Recursive functions are the natural way to express iterations in a functional programming langauge, but in R, they can be significantly slower than loop-versions and for moderately long sequences or moderately deep trees, recursive functions will reach a limit imposted on them by the stack limit.

There are known solutions to these problems, as long as functions are written to be tail-recursive, meaning that the return value of a function is either a base value or another recursive call, but where we do not call recursively to then do something with the result.

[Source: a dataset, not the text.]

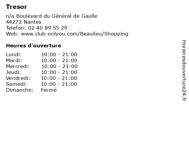 1 Tresor (Distance: 9,68 km) . Rue James Cook, 44800 Saint-Herblain beaute, bijoux, chaussures, etam, lingerie, maison, mode enfant, mode femme, mode homme, restaurant, sport, tresor 2 Camaieu (Distance: 0,00 km) n/a Boulevard du Général de Gaulle, 44272 Nantes accessoires, bijoux, camaieu, femme, mode, montres 3 Claire's (Distance: 0,00 km) n/a Boulevard du Général de Gaulle, 44272 Nantes accessoires, bijoux, claire's, femme, mode, montres 4 Phildar (Distance: 0,00 km) n/a Boulevard du Général de Gaulle, 44272 Nantes accessoires, bijoux, femme, mode, montres, phildar 5 Marc Orian (Distance: 2,77 km) . Boulevard du Général de Gaulle, 44000 Nantes bijouterie, bijoux, diamant, marc, montres, orian, réparations 6 Le Manège à Bijoux (Distance: 6,03 km) 10 Rond Point de la Corbinerie, 44412 Reze bijoux, le, manège, montres. |

The goal of tailr is to automatically transform tail-recursive functions into loops or trampolines.

Installation

You can install the released version of tailr from CRAN using

install.packages("tailr")

You can install tailr from GitHub with:

# install.packages("devtools")
devtools::install_github("mailund/tailr")

Examples

We can take a classical recursive function and write it in a tail-recursive form using an accumulator:

factorial <- function(n, acc = 1) {
    if (n <= 1) acc
    else factorial(n - 1, acc * n)
}

We can then, automatically, translate that into a looping version:

tr_factorial <- tailr::loop_transform(factorial, byte_compile = FALSE)
tr_factorial
#> function(n, acc = 1) {
#>     if (n <= 1) acc
#>     else factorial(n - 1, acc * n)
#> }

tr_factorial(100)
#> [1] 9.332622e+157

I have disabled byte compilation to make running time comparisons fair; by default it is enabled. For a function as simple as factorial, though, byte compiling will not affect the running time in any substantial amount.

We can compare the running time with the recursive function and a version that is written using a loop:

loop_factorial <- function(n) {
    val <- 1
    while (n > 1) {
        val <- n * val
        n <- n - 1
    }
    val
}


n <- 1000
bm <- microbenchmark::microbenchmark(factorial(n), 
                                     loop_factorial(n), 
                                     tr_factorial(n))
bm
#> Unit: microseconds
#>               expr     min       lq      mean   median       uq      max
#>       factorial(n) 715.304 772.4265 1035.9802 863.2585 1179.665 6816.073
#>  loop_factorial(n)  51.310  51.8860   96.7987  53.6600   60.598 3491.843
#>    tr_factorial(n) 791.451 821.8215 1100.5864 907.5140 1166.180 2606.855
#>  neval
#>    100
#>    100
#>    100
boxplot(bm)

There is some overhead in using the automatically translated version over the hand-written, naturally, and for a simple function such as factorial, it is not hard to write the loop-variant instead of the recursive function.

However, consider a more complicated example. Using the pmatch package, we can create a linked list data structure as this:

library(pmatch)
llist := NIL | CONS(car, cdr : llist)

A natural way to process linked lists using pattern matching is to write recursive functions that matches different patterns of their input. A function for computing the length of a linked list can look like this:

llength <- function(llist, acc = 0) {
    cases(llist,
          NIL -> acc,
          CONS(car, cdr) -> llength(cdr, acc + 1))
}

It is reasonably simple to understand this function, whereas a looping version is somewhat more complicated. An initial attempt could look like this:

loop_llength <- function(llist) {
    acc <- 0
    repeat {
        cases(llist,
              NIL -> return(acc),
              CONS(car, cdr) -> {
                  acc <- acc + 1
                  llist <- cdr
              })
    }
}

This version will not function, however, since it tries to return from inside a call to cases, and return only works inside the immediate scope.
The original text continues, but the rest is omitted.